Quasi un’impresa su tre ha riscontrato criticità nella gestione della logistica legata all’e-commerce: la classifica delle difficoltà vede al primo posto i costi (44,3%), poi la gestione dei resi (19,9%), il rispetto dei tempi di consegna (15,1%), la burocrazia (11,4%), la gestione dell’operatività (11,4%), il customer service (10,5%), l’integrazione tecnologica e la sostenibilità (5,9 e 3,9%). I costi pesano soprattutto sul settore della bellezza (58,6%), mentre la gestione dei resi pesa di più sul settore dello sport e del tempo libero (31,1%), così come il rispetto dei tempi di consegna (28,6%).

Passando invece dalla parte dei consumatori, i problemi riscontrati sono di altra natura. Ben il 76,3% dei consumatori ha avuto difficoltà durante gli acquisti online. Secondo la ricerca, questa difficoltà sarebbe dovuta a fattori legati alla gestione della logistica e del canale di vendita, più che al prodotto in sé: un dato non trascurabile, poiché potrebbe tradursi in una rinuncia all’acquisto da parte del consumatore. La ricerca, infatti, fa emergere come i principali ostacoli siano costi di spedizione troppo elevati (45,9%) e tempi di spedizione troppo lunghi (31,7%). Soprattutto i costi eccessivi, uniti alla mancanza di fiducia in siti poco conosciuti, hanno fatto sì che i consumatori non tornassero ad acquistare sui medesimi siti.

Ultime notizie: l’andamento dell’e-commerce nel 2023

Come è andato l’e-commerce nell’ultimo anno? Dopo il boom del 2020 e la buona tenuta del biennio successivo che abbiamo visto in precedenza, quali sono le recenti tendenze di sviluppo?

Nel 2023, secondo i dati dell’Osservatorio eCommerce B2c, l’e-commerce italiano valeva 54,2 miliardi di euro, oltre 6 miliardi in più rispetto al 2022. Questa crescita è imputabile per due terzi all’incremento degli acquisti online di servizi, soprattutto alla ripresa del turismo e dei trasporti (+30%) e dei comparti merceologici aggregati negli “altri servizi” (+8%), come ad esempio il ticketing per eventi. I comparti di prodotto più dinamici, con tassi di crescita in linea o superiori alla media (+8%), sono invece il beauty (+11%), l’informatica ed elettronica di consumo (+8%) e l’editoria (+8%).
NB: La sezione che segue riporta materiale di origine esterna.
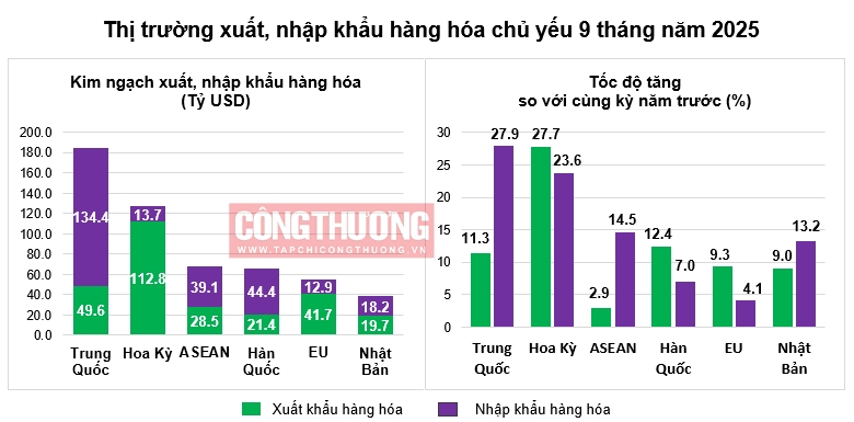 Về thị trường xuất, nhập khẩu hàng hóa 9 tháng năm 2025, Hoa Kỳ là thị trường xuất khẩu lớn nhất của Việt Nam với kim ngạch đạt 112,8 tỷ USD. Trung Quốc là thị trường nhập khẩu lớn nhất của Việt Nam với kim ngạch đạt 134,4 tỷ USD.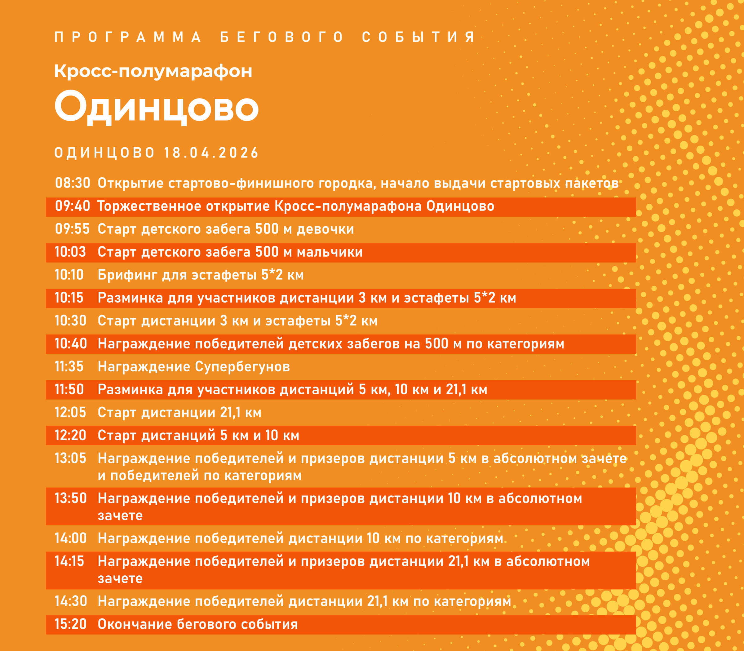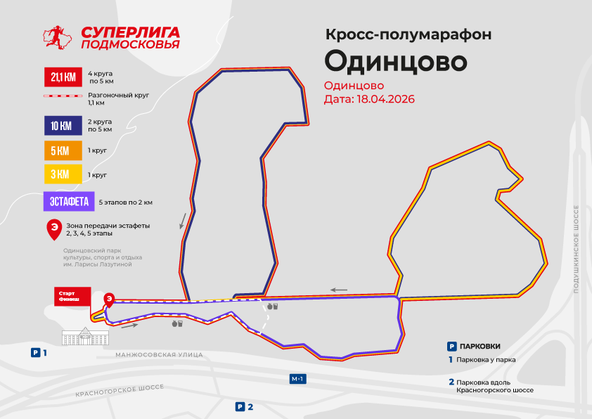 18 апреля в Одинцово откроется пятый сезон серии легкоатлетических забегов, которая реализуется в рамках проекта «Суперлига Подмосковья». Старт кросс-полумарафону «Одинцово» будет дан в Одинцовском парке культуры, спорта и отдыха им. Ларисы Лазутиной. Особенность этого бегового события — непростой рельеф трассы с разнообразным покрытием. Участники будут преодолевать дистанции по асфальту, грунту, дорожкам с мелким гравием и щепе. Также на их пути будут встречаться резкие спуски и подъёмы.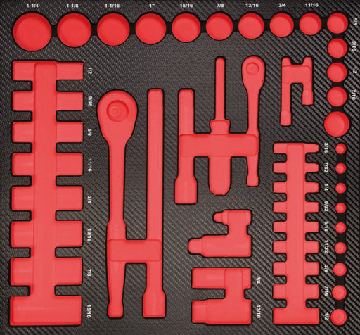 ProForm Einlage leer f. Zoll Werkzeuge 51-tlg. Werkstattwagen-Einlage mit zölligen Steckschlüsselwerkzeugen 6,3 [1/4"] und 12,5 [1/2"] nach DIN 312...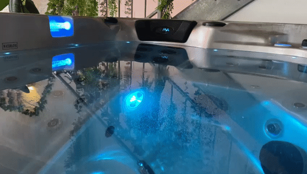 Quatre coins éclairés donnent des accents d'ambiance et assurent une atmosphère stylée pendant le bain de froid - un point fort visuel même la nuit.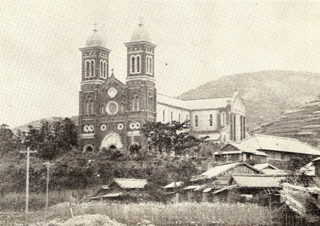 Eglise d’Urakami dont la construction fut commencée par le P. Fraineau en 1895, dont les deux tours furent bâties par le P.Heuzet en 1925 et détruite par la bombe atomique en 1945.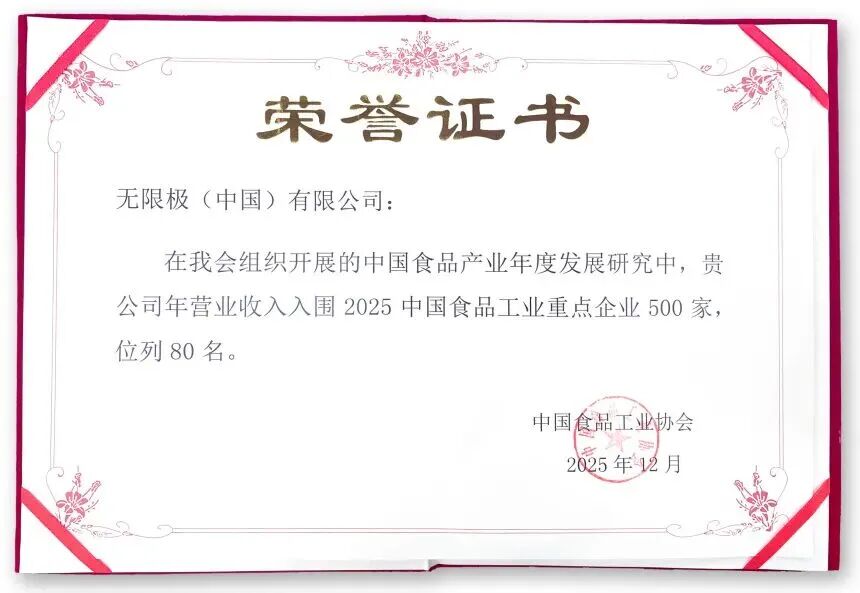 我们上榜了!无限极荣登“2025中国食品工业重点企业500家名录”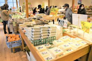 糸魚川産のもち米を使った各種切り餅や山菜水煮、花など正月用品が並ぶ店内(27日、ひすい食彩館)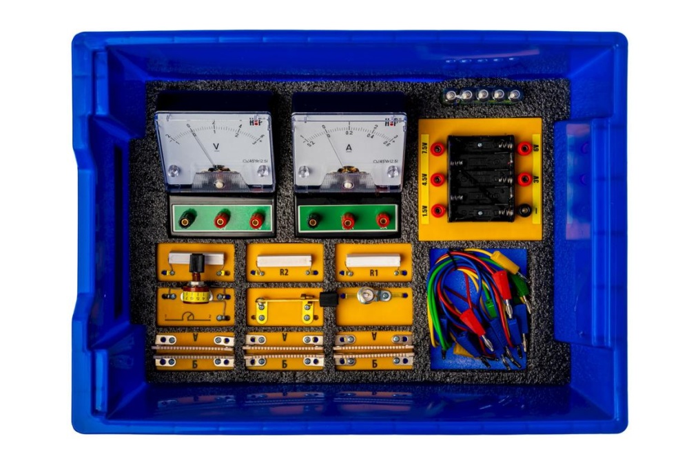 - Прибор для измерения показаний напряжения в участках электрической цепи (диапазоны измерений: от 0 Вольт до 6 Вольт, от 0 Вольт до 3 Вольт)

Registrano una buona crescita, seppure più moderata, anche l’abbigliamento (+7%) e l’arredamento (+7%), mentre il settore dei generi alimentari appare in difficoltà (-0,5%).

L’e-commerce B2c in Italia continua quindi a crescere, anche se più lentamente rispetto agli ultimi anni, assumendo una rilevanza tale da conferirgli un ruolo centrale e indispensabile per l’evoluzione del retail. Dopo la forte crescita degli ultimi tre anni, il numero di consumatori digitali italiani si è stabilizzato infatti a 33 milioni.

Conclusioni

L’Italia si dimostra probabilmente un Paese più conservatore di altri, per quanto riguarda gli acquisti, ma dopo la pandemia del 2020, costretti da causa di forza maggiore, gli italiani hanno iniziato ad acquisire sempre più confidenza con l’e-commerce, facendo registrare una crescita sorprendente.

La maggiore fiducia acquisita da parte dei consumatori e il miglioramento dei servizi offerti sono sicuramente un segnale positivo per il futuro sviluppo del commercio online in Italia.